In 1963 Jessica Mitford’s witty unveiling of the American funeral industry, “The American Way of Death” catapulted the predations of the American funeral industry into prominence - quite a feat when you consider the issue had to compete with Vietnam war, the Cuban missile crisis, the space race and the civil rights revolution.

Mitford’s account of dysfunction in the American system are, like the revelations in Death Without Debt’s case studies, scarcely believable, both in the detail (her chapter on embalming reads like a Gothic horror tale) and the overview;  through nearly 300 pages she adds up the evidence that the “traditional” funeral is almost entirely a product of the profit motive.

The gross comercialisation of death may have originated in the United States but like Coke and tooth decay, it has spread around the globe.  It's the usual story of human vulnerability meeting business opportunity.

​In the United States the funeral industry makes most of its money off coffins and embalming.  Here the industry's effective monopoly on completing the compulsory death paperwork is the key to their lucrative business plan. 

​In New Zealand, in 1963, cremation was rare.  Paperwork requirements brought in that year required a second doctor to sign off the Cause of Death Certificate.  As cremation became more popular, and medical profession abdicated on its responsibility, pre-disposal paperwork became more and more lucrative for the industry.  Nowadays, undertakers enjoy almost complete compliance from doctors, who can be relied on to refer virtually all bereaved families to them to get the paperwork done.

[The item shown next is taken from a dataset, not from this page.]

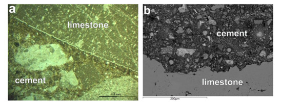 (a) Photomicrograph (sample SOA) and (b) secondary electron image (sample SOB) showing reference tested concretes with good cohesion between limestone aggregate grains and cement paste.

Although Kiwis are slowly waking up to the unnecessarily high cost of funerals, and the cultural cost of handing the process across to the business community, most of us are still trapped in the system by the paperwork, which makes it hard to escape.  Until doctors start doing the paperwork for families and friends, the D.I.Y. funeral movement will remain the domain of a small minority of well-resourced people.

In the end, Mitford’s tell-all wasn’t enough.  Consumer protections brought in as a result of Mitford’s book (and the work of other advocates) soon slipped as the the funeral industry flexed its muscle.  By 1996 things had got so bad Mitford had to update her book to make up for lost ground.  "The American Way of Death" is still the gold standard in understanding how we are all, funeral directors and public alike, the victims of the commercialisation of death.